Why would you do an Education startup?

Rohan Sinha
5 min readMar 22, 2020
Richard Feynman

It has been a total of 10 months since I quit my job to find a new project to work on. I was on bed for 3 months because of a surgery, but all in all, it’s been good.

For the first time, I was consciously trying to understand the world and not just moving along. I was reading the things I wanted to read. I eventually felt inclined to education for the power it held onto humanity.

Education is the second largest industry in the world right after the medical industry but thinking about an Edtech startup? Not so fast.

Why would you go into Edtech? There is so much competition. You need money.

This is something I hear on a daily basis. And in a way, it’s a valid concern. There is an estimate of 3500 edtech startups registered in India.

There is a also big question mark on the differentiation between these companies. They target different segments but their offerings don’t change by much.

But, most of them are making money. Byju’s recently became the only unicorn in the country to generate profits displaying the power of Edtech.

All this puts a very difficult question in front of the entrepreneur. Do I just go out there and try to make money knowing that I probably won’t be able to bring much differentiation to the market? Or do I choose a different market with more complexity and differentiations?

To understand this, you have to understand the importance of education in a common Indian family.

My education

For my family, sending me to Ryan International School meant taking more local trains, travelling small distances by foot, very little expenditure on shopping, all in the hope that I would make something of myself.

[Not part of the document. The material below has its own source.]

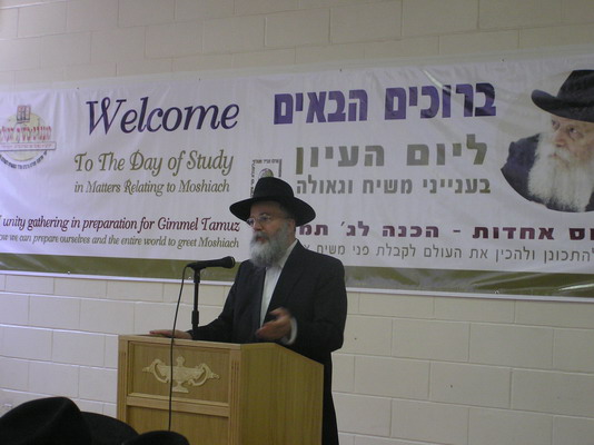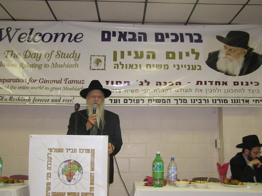 את המושב התכבד להנחות הרב שלום יעקב חזן שפתח ב'דבר מלכות' וביאר נחרצות, שאין אנו צריכים להתעצב חס ושלום מהעלם וההסתר הנורא בו אנו נמצאים, משום שמרה שחורה זוהי עצת היצר. "אנו חסידים צריכים לדבוק באמונתנו היוקדת, ולצפות שבכל רגע הרבי יתגלה ויגאל אותנו". מילים כדרבנות אודות נבואתו של הרבי, דיבר השליח הנודע הרב העשיל גרינברג הידוע כנואם בחסד עליון שידו רבה לו במסירת הרצאות מרתקות אודות נושאי 'גאולה ומשיח'. הרב גרינברג ביאר בארוכה את נקודת האמונה שהיא למעלה מהסתכלות שכלית ודחה מכל וכל, שחס ושלום לחשוב שמא הרבי קיווה בדבריו שתבוא הגאולה, ותו לא. "'אט אט משיח', 'לאלתר לגאולה' ו'נגמרה עבודת הבירורים' אמר הרבי מה"מ בנבואה - לא בתקווה. ועובדת היות נבואה בדורנו, אנו יודעים מדברי הרמב"ם שהוא הפוסק היחיד בעניני 'משיח' באגרת תימן, שלפני הגאולה תחזור הנבואה. את הוודאות שדבריו של הרבי נאמרו בנבואה, ביאר דרך דוגמאות רבות, בניהם שיחתו המדהימה של הרבי שכיום אנו יודעים שנאמרה בנבואה בעניין כיבוש עיראק ותפיסתו של הרודן - ימח שמו - סאדם חוסיין. הדובר הבא היה הרב ישראל פריד, שליח הרבי מה"מ באוניברסיטה במנהטן, שדיבר בארוכה על הצורך והמחויבות של פרסום המופתים והניסים שקורים בכל יום. בהמשך הביא סיפור מדהים שאירע בנוכחותו. "באחת הפעמים שעברתי על יד הרבי בחלוקת דולרים, ראיתי לפני אדם שביקש ברכה עבור בנו, הרבי בירך את בנו וביקש שיבדקו את תפיליו. כשיצאתי מהרבי נדהמתי, מהיכן ידע הרבי שזה בן?! ועוד, מהיכן ידע שהוא אחרי גיל בר מצווה?!. מאוחר יותר כשביקרתי אצל בן דודי בפלטבוש, שידעתי שכבר כמה שנים נשוי ואין לו ילדים, סיפרתי לו את שראו עיני. הוא ניגש אל הרבי, ובי"ט כסלו אותה שנה זכה לחבוק בן". "פרסום זהותו של משיח, אינו מפריע לאף אחד. זה טעות מיסודה לחשוב כך, אם היה זה מתקבל אצלנו זה היה פשוט וברור לכולם. לאחרונה נכנסתי לקניות בחנות בלאוררי סייד - מנהטן ופגשתי שם חסיד בעלז שביקש לשוחח איתי. לדבריו, בשביעי של פסח הגיעו לבית כנסת בו הוא מתפלל בחורים חב"דים חדורי תחושת שליחות בצורה בלתי רגילה וללא משא פנים, מלאים באמונה כרימון, דיברו בקחצהייט רב על משנתו של הרבי ועל היותו מלך המשיח. אני מאמין בזה, סיים, אך חוששני שלא כך הם פני הדברים אצל כל המתפללים". "כשסיים את דבריו שאלתי אותו, הרשו להם לדבר?!, הוא ענה שכן. שנה הבאה הם יבואו בשנית?! הוא ענה שלפי מה שידוע לו אין שום התנגדות. אז הגה עצמך, פניתי אליו ישירות. אם אתה לא היית אומר לי שאתה מאמין ברבי כמשיח גם לא הייתי יודע זאת". המנחה מודה לרב פריד על נאומו המיוחד, ומזמין את המרא דאתרא הרב אהרון יעקב שווי, לשאת דברים. הרב שווי ניגש לדוכן הנואמים והביא במילים נהירות את ברכת השכונה והבד"ץ למעמד. "צריך" אמר בנרגשות, "שעניין משיח יהיה חדור אצלנו במעשה דיבור ומחשבה, מהרגע שבו אנו נוטלים ידים עד קריית שמע". דברים נרגשים אודות שלימות העם והארץ נשא הרב שמואל חפר חבר אגו"ח ומנהל בית רבקה בארה"ק. את דבריו פתח בהביאו את דבריו של הרבי בהתוועדות בשנת תש"כ אודות עת רצון שהיית אותו זמן בשמים לשחרור יהודי רוסיה ממסך הברזל, ודבריו של הרב ניסן נימנעוו על כך. "צריך להבין, אמר בצער, כיום קרוב למיליון גויים חיים בארץ. ההתבוללות היא נוראה ואיננה ניתנת לתיאור. בעבר שמעתי שפנו אל אדמו"ר ידוע והסבירו לו על האסון שעומד חלילה להתרגש על העם היהודי בעקבות אי תיקון חוק מיהו יהודי. זה, במקום שיבין את העניין, הפטיר בפשטות 'זה לא הבשר שלנו'. כמו"כ חקוק בזיכרוני שיחה שהיית לי עם יהודי שומר תומ"צ בעל ההשפעה שלטונית רבה בזמן ממשלת שמיר, זה ששמע את דברי על התבוללות הנוראה שישנה בארץ הצדיק אותי וטען; כן, אני יודע, שמיר הוא שקרן גדול, הוא הבטיח לנו כסף לישיבות ולא קיים את הבטחתו. הבטתי בו המום, אני מדבר אתך על סכנה קיומית ונוראה ואתה מדבר לי על סכומי כסף לישיבות". האי אכפתיות גם בנושא שלימות הארץ היא בעוכרנו, היל"ת ישנה תוכנית מסוכנת ונוראה ש

My fees at Ryan was 1,20,000 for class 11th. My sister’s fees was 62,000. I was on a 100% scholarship from FIITJEE otherwise that would have cost us another 1,00,000 pa.

Total: 2,82,000

My family income in 2011: 7,50,000

%age of family income: 38%

That is ridiculously high. And let me speak on how we got to 7.5 lacs. My dad was taking trains from Malad to go to Fort. That is 33km one side. My mother was taking a bus to Dahisar at 7 in the morning. She was a teacher. Thats how they did their jobs and scraped together 7.5lakhs pa.

Estimates point at 15% of the family income goes into education but considering a family that values education highly, it would be greater than 20%.

This points towards something deep.

Education brings out a very primitive and deep seated need in us to get better and get ahead. To prove ourselves. To earn respect.

Education comes with a user behaviour that is unprecedented. It is right up there with hospital bills, marriages, funerals, baby care where the user goes beyond his/her means and spends for the best of the best.

When you look at all this, you realise that there is a terrible responsibility on top of any company that sells an education product. When you take 10,000 rupees, you are taking from the money that was saved by making a lot of sacrifices.

This is not true for hotel booking or shopping clothes online. This is serious.

When I hear of parents complaining that they took 3 years worth of Byju’s product and in 2 months, their kid doesn’t use it anymore, I know what happened here. And after speaking to multiple Byju’s sales people I know it to be true.

The primitive instinct of parents was tapped. It clouded their judgement.

By saying that Byju’s is a bad product would be like saying Udemy is a bad product. It’s not. I spend a tonne on Udemy. But, it is a resource just like any other.

And for a child like me, with that hunger inside of him, I wish Byju’s was there for me in my childhood.

But who sparked that hunger? A teacher.

That’s the job of a teacher.

Famed professor, Walter Lewin. If you don’t know about him, he teaches physics at MIT and he has more hand in teaching me physics than FIITJEE and HC Verma combined. Check out his videos on Youtube.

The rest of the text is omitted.